▶ _Your goal_
Take from the entries below the stretch from the line with "Hub統計情報は、Hubから定期的に送信されるステータス情報が表示されます。" through the line with "- Posavasos: Realizados", and return it exactly, leaving the pictures out.

▶ _Recorded data_
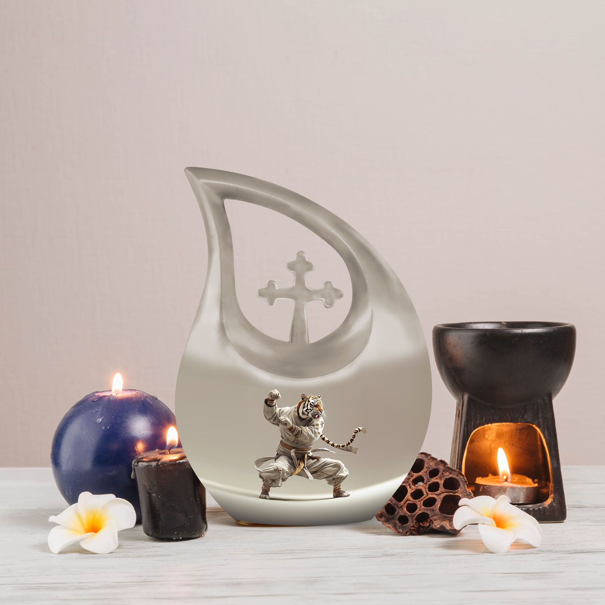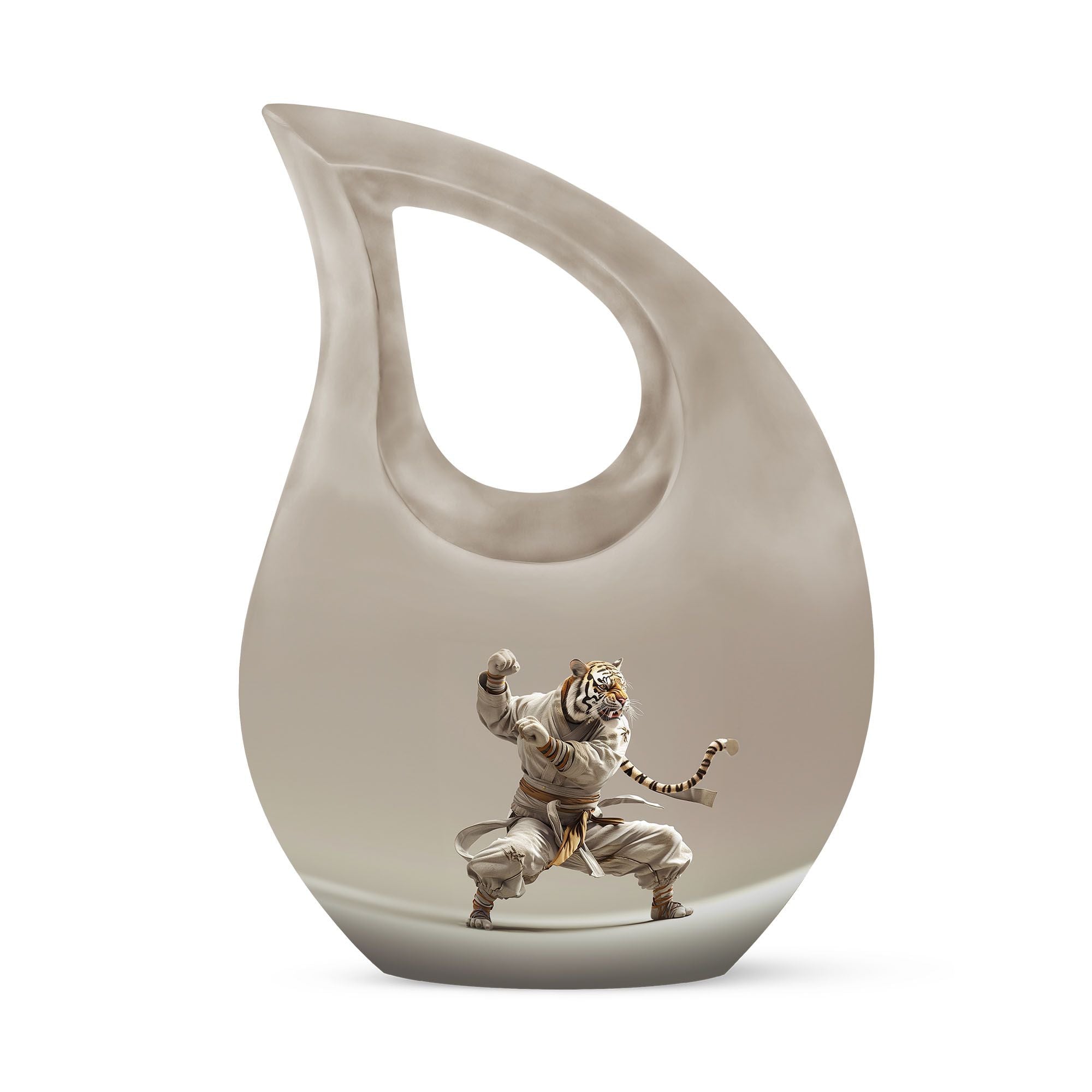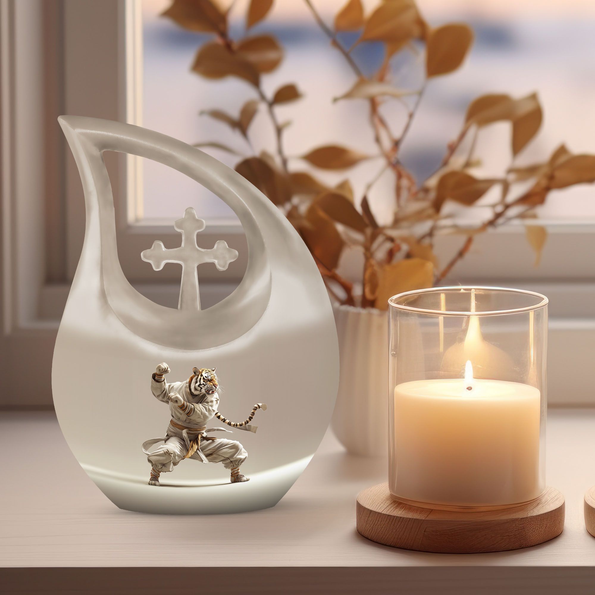 Honor your loved one's memory in a unique way with our striking Tiger-themed Large Urn. Specially designed as an online exclusive item, this 10-inch memorial urn is delicately crafted from exceptional quality aluminium and is sturdy enough to weigh 3.3 pounds. Its mesmerizing 'Cross Drop' design ingredient is a gentle reminder of love, loss, and remembrance. Every detail, from its impressive 200 cubic inches capacity to its meticulous form, is unequivocally captivating. For added convenience, each purchase includes a plush velvet pouch, precisely designed to safeguard the precious ashes of your beloved. Your personal touch can be added by engraving names, effectively transforming this urn into a poignant keepsake memory box. With Tiger Urn, memorializing is not just an act, but an exquisite journey of recollection. Unparalleled in its class, our Large Urn is a testament to the enduring bond of love and an artful alternative to traditional cremation boxes for adults. Explore and purchase urns online from our exclusive range today.
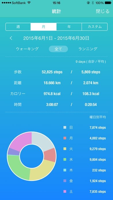 ヘルスケアをとことん記録したい方や新たにダイエットを始めたい方にピッタリ。 数あるヘルスケアアプリの中でも、歩数や消費カロリー以外にも体重や体脂肪などを手軽に記録できるのが「歩数計 Walker M7 - M11」です。 スマートフォンの加速度センサーを採用しているので、ウォーキングだけでなくランニングをしていたかなどの運動量の変化を記録できます。 「ヘルスケア」アプリとの連携を行うと、血圧やBMIの記録が可能になります。 アプリ初めて起動させた瞬間から歩数や運動量の記録をスタートしているため、非常に手軽です。 位置情報を取得すれば歩いたマップの表示が可能になります。 記録した各種データは棒グラフや円グラフになって表示されるため、運動量の推移や割合などが一目瞭然です。
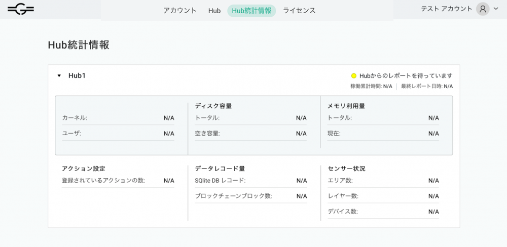 Hub統計情報は、Hubから定期的に送信されるステータス情報が表示されます。
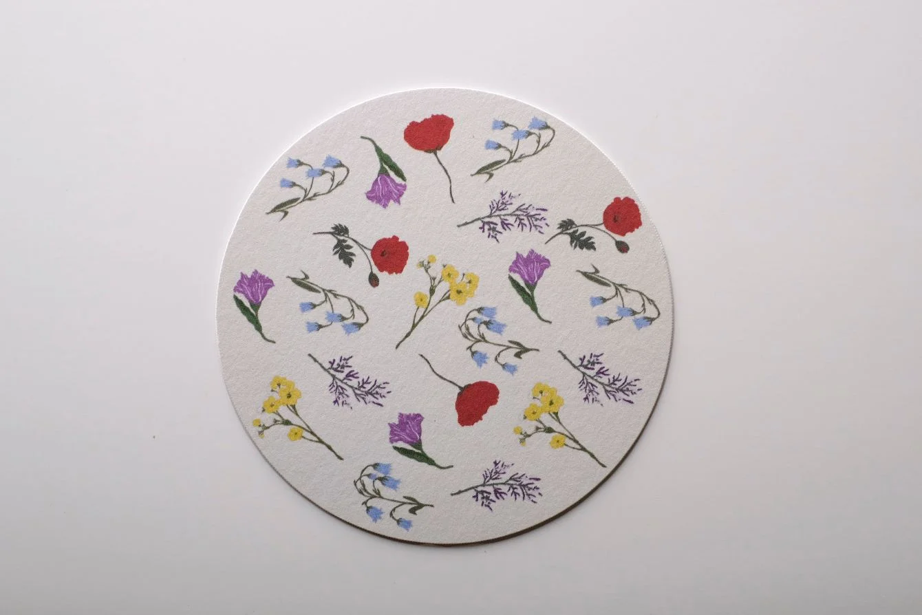 - Posavasos: Realizados en papel posavasos de 375 gr. absorbente, troquelado con forma libre suave.
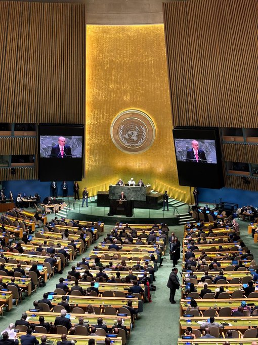 TÜGVA Genel Başkanı İbrahim Beşinci, sosyal medya hesabından yaptığı paylaşımda “BM Genel Kurulu’nda Cumhurbaşkanımız Sayın Erdoğan’ı dinledik” ifadelerini kullanarak BM Genel Kurulu’ndan fotoğrafını paylaştı.

▶ _Output of the exercise_
 Hub統計情報は、Hubから定期的に送信されるステータス情報が表示されます。
 - Posavasos: Realizados en papel posavasos de 375 gr. absorbente, troquelado con forma libre suave.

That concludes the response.